Новое о женщине с седыми волосами.

Джонни торопится.

Новая встреча с Ганкой.

«Я обязательно вернусь!..»

Громкий смех разбудил Джонни. Медленно открыв глаза, он увидел над собой довольно странное сооружение: на трех деревянных столбах, соединенных вверху в одной точке, был наброшен брезент от дождя. Мальчуган понял, что лежит на мягком матраце, укрытый несколькими шерстяными одеялами. Вокруг кто-то громко смеялся.
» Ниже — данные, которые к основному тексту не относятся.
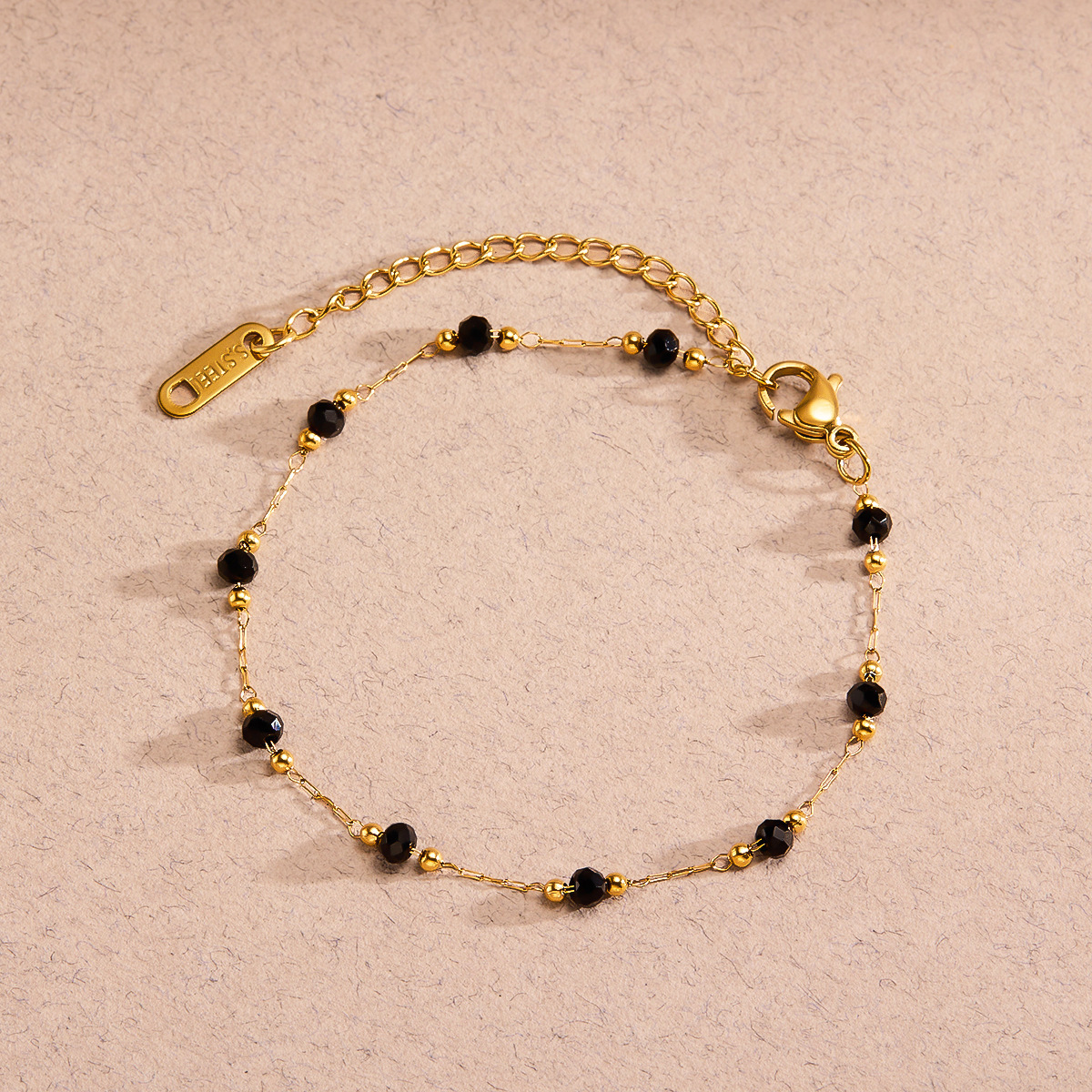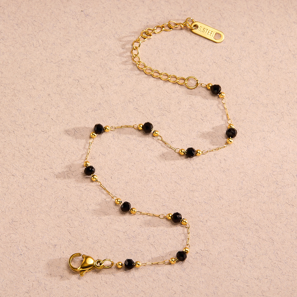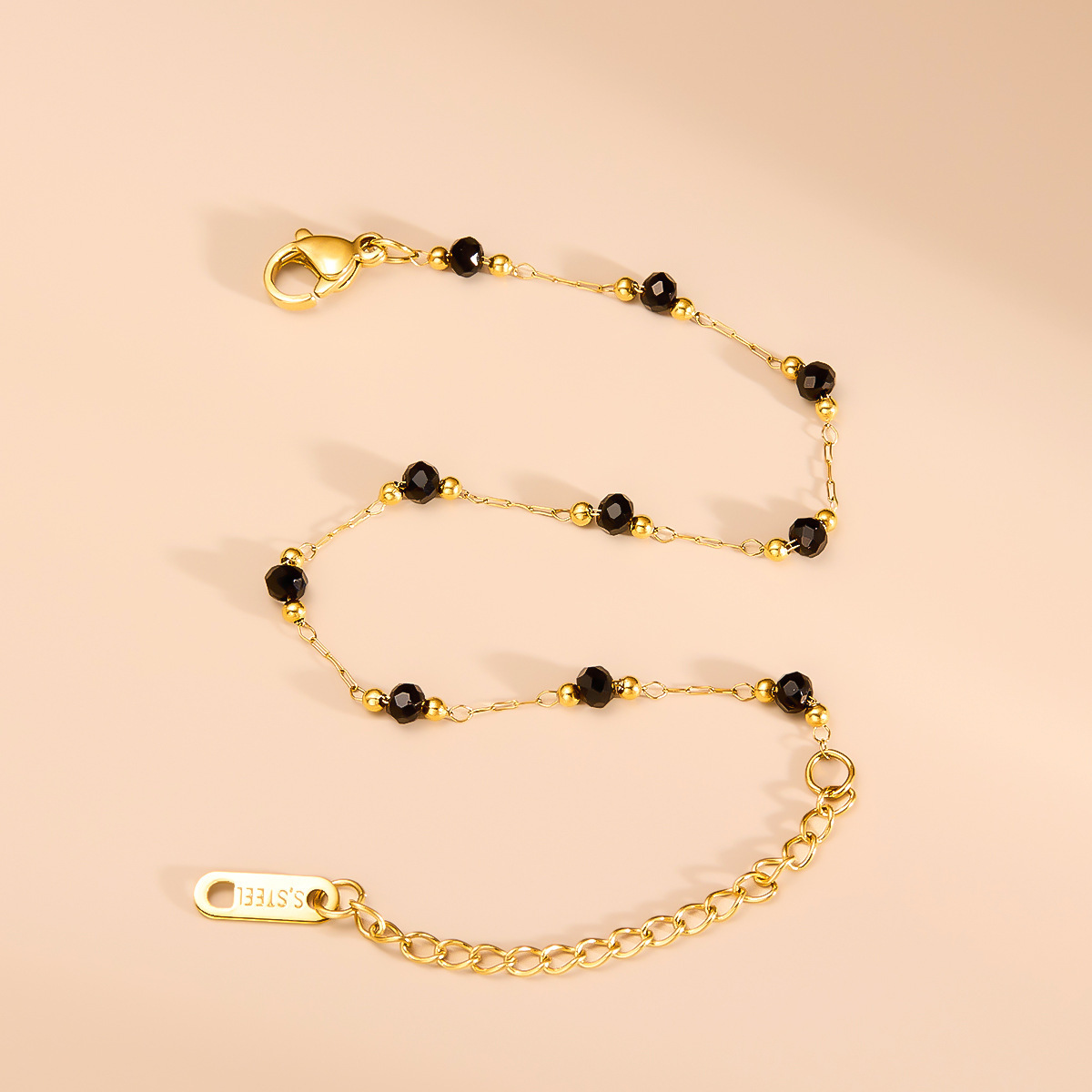 절묘한 블랙 스톤 팔찌 여성용 블랙 오닉스 하이 엔드 디자인 올 매치 패션 티타늄 스틸 목걸이 새로운 틈새 팔찌스토어 가기

Джонни перевернулся на живот и потихоньку отодвинул в сторону край брезента. Совсем рядом с его ложем полукругом около ванны сидели пленные немцы и чистили картошку. Среди них был и ефрейтор-связист, которого Джонни уже знал. К расположенным напротив арки воротам подъехал грузовик. Флаги с красным крестом висели над входом. С машины разгружали металлические койки и носили в лазарет. На Фридрихштрассе на своем месте, на огневой позиции, стояла советская самоходка. Четыре танкиста, удобно устроившись на решетке мотора, казалось, спали беспробудным сном. Неподалеку от самоходки не спеша расхаживал солдат с карабином. Ни кухонной машины, ни самой кухни с дядей Колей нигде не было видно.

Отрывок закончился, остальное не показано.